Abstract

We present CheXtriev, a graph-based, anatomy-aware framework for chest radiograph retrieval. Unlike prior methods focussed on global features, our method leverages graph transformers to extract informative features from specific anatomical regions. Furthermore, it captures spatial context and the interplay between anatomical location and findings. This contextualization, grounded in evidence-based anatomy, results in a richer anatomy-aware representation and leads to more accurate, effective and efficient retrieval, particularly for less prevalent findings. CheXtriv outperforms state-of-the-art global and local approaches by 18% to 26% in retrieval accuracy and 11% to 23% in ranking quality.

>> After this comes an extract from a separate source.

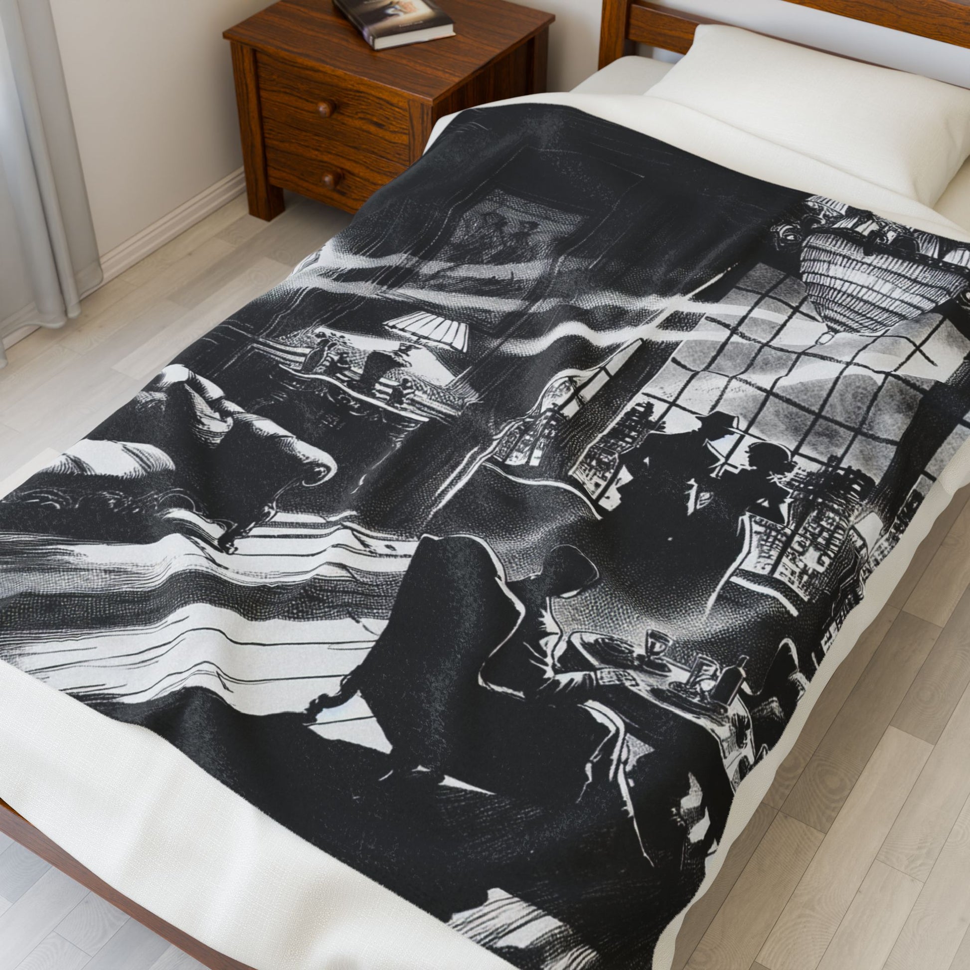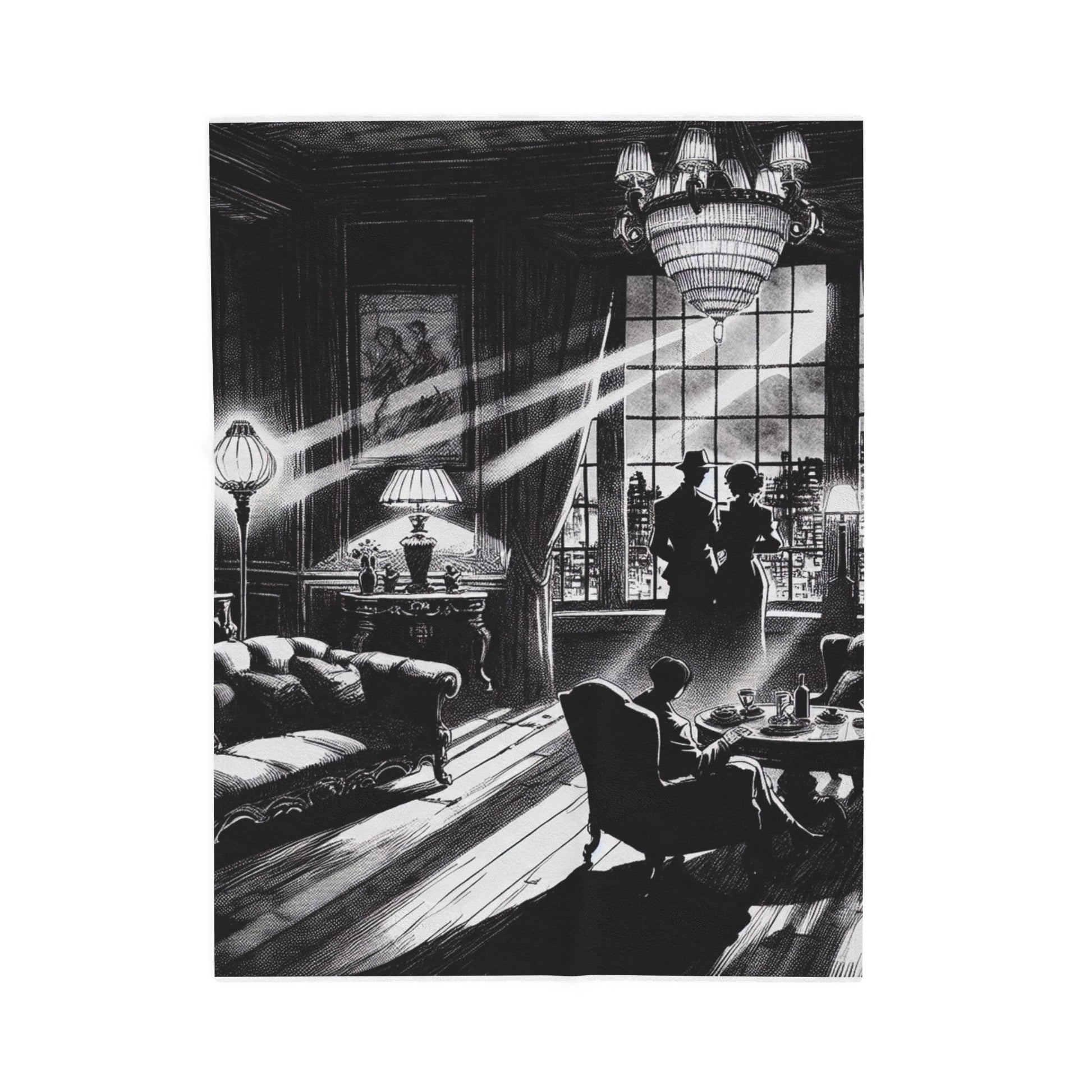 The image captures a vintage noir setting, with silhouetted figures gazing out a grand window. Intricate lighting emphasizes elegant furnishings and dramatic shadows, creating a mysterious, timeless atmosphere reminiscent of classic detective stories. Create a cozy and warm atmosphere at home with this plush velveteen blanket. It is soft to touch and perfect for any home. Customize with a one-sided print to add your personal touch or create a gift for your friends and family. Available in three sizes: 30x40", 50x60", 60x80".

Links to Paper and Supplementary Materials

Main Paper (Open Access Version): https://papers.miccai.org/miccai-2024/paper/3636_paper.pdf

SharedIt Link: pending

SpringerLink (DOI): pending

Supplementary Material: https://papers.miccai.org/miccai-2024/supp/3636_supp.pdf

Link to the Code Repository

https://github.com/cvit-mip/chextriev

Link to the Dataset(s)

https://physionet.org/content/mimic-cxr/2.0.0/ https://physionet.org/content/mimic-cxr-jpg/2.1.0/ https://physionet.org/content/chest-imagenome/1.0.0/

BibTex

@InProceedings{Aka_CheXtriev_MICCAI2024,
        author = { Akash R.  J., Naren and Tadanki, Arihanth and Sivaswamy, Jayanthi},
        title = { { CheXtriev: Anatomy-Centered Representation for Case-Based Retrieval of Chest Radiographs } },
        booktitle = {proceedings of Medical Image Computing and Computer Assisted Intervention -- MICCAI 2024},
        year = {2024},
        publisher = {Springer Nature Switzerland},
        volume = {LNCS 15001},
        month = {October},
        page = {pending}
}


Reviews

Review #1

  • Please describe the contribution of the paper

    The manuscript has proposed an anatomy-aware framework for chest radiograph retrieval, using evidence-based anatomy ensures greater precision in describing fewer common findings.

  • Please list the main strengths of the paper; you should write about a novel formulation, an original way to use data, demonstration of clinical feasibility, a novel application, a particularly strong evaluation, or anything else that is a strong aspect of this work. Please provide details, for instance, if a method is novel, explain what aspect is novel and why this is interesting.

    1.The manuscript leverages graph transformers to extract local features, circumventing non-specific abnormalities. 2.It may integrate specific anatomical location information with subtle details within the region enriches representation.

  • Please list the main weaknesses of the paper. Please provide details, for instance, if you think a method is not novel, explain why and provide a reference to prior work.

    1.The motivation seems not relatively clear. The anatomically based innovation lacks robust support, appearing to be a naive intuitive conjecture or based on post-experimental interpretability analysis.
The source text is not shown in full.